A tríade de comprometimentos (comportamento, linguagem e interação) pode
ser
correlacionada
ao
desenvolvimento
cognitivo
e
neuropsicológico.
Os
comportamentos repetitivos, embora restritos, são característicos no autismo, e sua
etiologia e prevalência devem ser estudadas (Lopez e colaboradores, 2005). Os mesmos
autores descrevem uma relação direta entre déficits nas funções executivas e a rigidez
dos comportamentos estereotipados e rotineiros nos autistas. Outros sintomas como
comportamento rígido, perseveração, resposta não apropriada a situações sociais, falta
de habilidade em aprender com sua experiência, adaptação a modificações ambientais e
falta de iniciativa também podem ser explicadas por dificuldades executivas (Damásio e
Maurer, 1978; Rumsey, 1985). Frente a existência desta correlação as disfunções
executivas no autismo têm sido estudadas como tentativa de encontrar um fator comum
e preponderante para o diagnóstico. Pennington e Ozonoff, em 1996, descrevem 10 anos
de pesquisas realizadas sobre FE e autismo. Eles relatam que de 1945 a 1996 haviam
sido realizados 14 trabalhos e deste total, 13 encontraram diferenças significativas entre
autistas e controles em pelo menos uma medida de FE. Concluem que um dos testes
mais utilizados é o WCST e o que possui melhor efeito discriminativo entre sujeitos
autistas e não autistas é a Torre de Hanói.
Frente
às
características
comportamentais
e
neuropsicológicas
citadas
poderíamos dizer que um dos aspectos que mais chamam a atenção nestas crianças e
adultos é a inconsistência que demonstram no comportamento e na respostas aos
estímulos ambientais. De fato, vários estudos contemporâneos têm procurado estudar as
peculiaridades da forma como os indivíduos com TID exploram figuras com o olhar e
esta é uma área de pesquisa extremamente promissora e interessante.

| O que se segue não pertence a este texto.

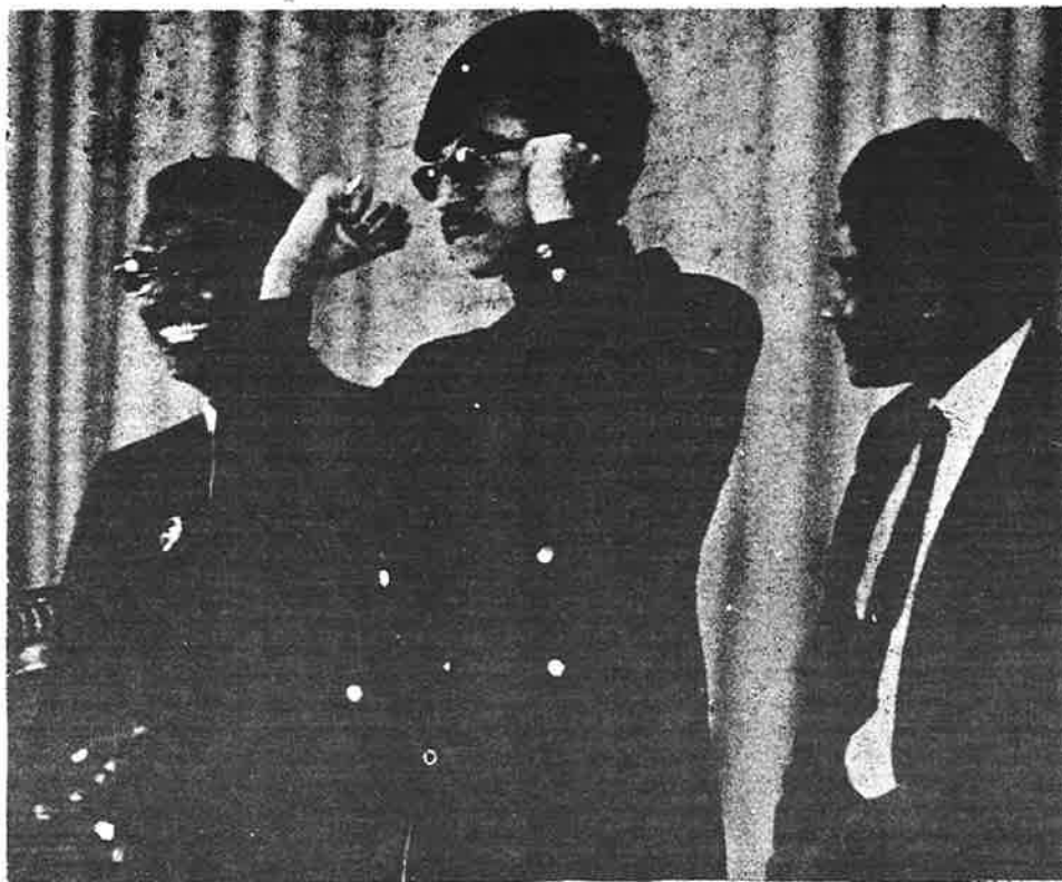
Prime Minister Carmichael, Minister of Justice Rap Brown and Foreign Minister James Forman pledging to set Huey Newton free. Defense Minister Newton is in jail, framed-up on a murder charge.

3.) Funds are needed for the H. Rap Brown Bail Fund. Send contributions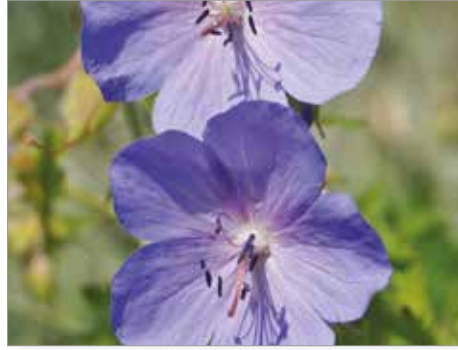
'Johnson's Blue' Geranium

This robust ground cover produces masses of large magenta flowers with purple veins in spring through late summer. Lends a soft edge accent to perennial areas, container plantings and rock gardens.

A análise dos
movimentos oculares como instrumento de avaliação neuropsicológica possibilita a
compreensão dos mecanismos de controle de respostas motoras, assim como o efeito
desse controle motor nos distúrbios do desenvolvimento (Goldberg e colaboradores,
2002). Estudos de anormalidades do movimento ocular expandem o conhecimento
sobre processos complexos de maturação cerebral, de regulação genética, do
desenvolvimento dos sistemas cerebrais complexos e processos cognitivos (Sweeney e
colaboradores, 2004). Pesquisas vêm sendo realizadas no Brasil demonstrando a
importância de se estudar os movimentos oculares em diferentes processos cognitivos
(Covre e colaboradores, 2005), como também em habilidades atencionais (Macedo e
colaboradores,
2007),
habilidades
de
leitura
e
diversos
distúrbios
do
neurodesenvolvimento como distúrbios psiquiátricos (Macedo e colaboradores, 2005) e
transtornos invasivos do desenvolvimento (Mercadante e colaboradores, 2006).
Dentre as pesquisas de anormalidades no movimento ocular nos TID um
trabalho de revisão (Sweeney e colaboradores, 2004) defende a importância do estudo
de movimentos oculares na determinação de endofenótipos e na investigação de
aspectos cognitivos e neurofisiológicos. Tal trabalho relata ainda a importância de se
estudar processo de engajamento atencional, assim como processos executivos dos
autistas.
Vivemos atualmente uma ênfase sobre a possibilidade de se levantar a suspeita
da presença de um TID nos primeiros meses de vida. Na verdade o diagnóstico de TID
pode ser aventado nos primeiros anos, mas somente definido, com os métodos de que
dispomos hoje por volta dos 5-6 anos de idade. Seria importante levantar a suspeita
deste tipo de patologia antes, pois admite-se que a identificação precoce possibilitaria
uma atenção especial à criança o que poderia levar a uma atenuação importante no
quadro clínico.
Dado que não deve deixar de ser mencionado é de que temos, atualmente, várias
evidências da importância de fatores familiares em boa parte dos quadros de TID.